GAINES TOWNSHIP, Mich. (WOOD) — It’s kind of of like the checklist you make when you move into a new home; one item near the top of that list is to call the power company to make sure the electricity is turned on.

That’s what Switch, the Nevada-based cloud service provider has done as it gets ready to move their eastern U.S. hub into the former Steelcase pyramid.

“It’s a new industry. It’s very innovative. And I think it’s great for the state of Michigan,” said Roger Morgenstern, the senior public information director at Consumers Energy.

>>PHOTOS: Inside Switch

Morgenstern said the utility has been working with Switch to make sure not only that the grid can handle the demands of all the servers, but also to ensure the power is 100 percent renewable.

“It is more of a thing on paper,” Morgenstern said. “There won’t be a dedicated line to a wind farm to Switch. It’s a matter of setting aside this amount of energy. I don’t have the specifics, but a data center like Switch which requires a significant amount of energy. So we’ll set aside the energy they need and make sure it’s 100 percent renewable.”

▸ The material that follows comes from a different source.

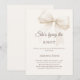 A soft ivory colored background, decorated with a bow. Personalize and add a name and party details.
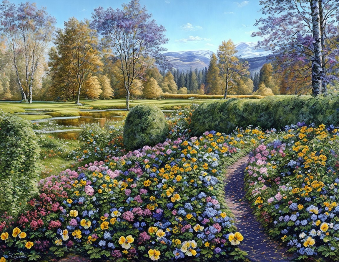 + Prompt:3D. Early spring, high level of detail, clear facial expressions, round bed with freshly planted pansies, bordered by a hedge, behind it a pond, park with a meadow and tall deciduous trees, birch, maple, spruce, further back a lake, in the background mountains, sunny, oil on canvas, extremely detailed, smooth, inspired by Gary Bukovnik

Switch has joined a movement of large, renewable energy buyers hoping to spur more green energy production.

The benefits of renewable energy are obvious. But there is a flip side; right now it’s more expensive to produce than power from non-renewable sources.

Could the increased demand for green energy drive up rates for the rest of us?

Morgenstern said it couldn’t, pointing to signs of a leveling off between those costs.

“We are seeing our renewable energy costs continue to decrease,” Morgenstern said. “We’re finding that advances in technology are making this form of generation less expensive, more economical for our customers.”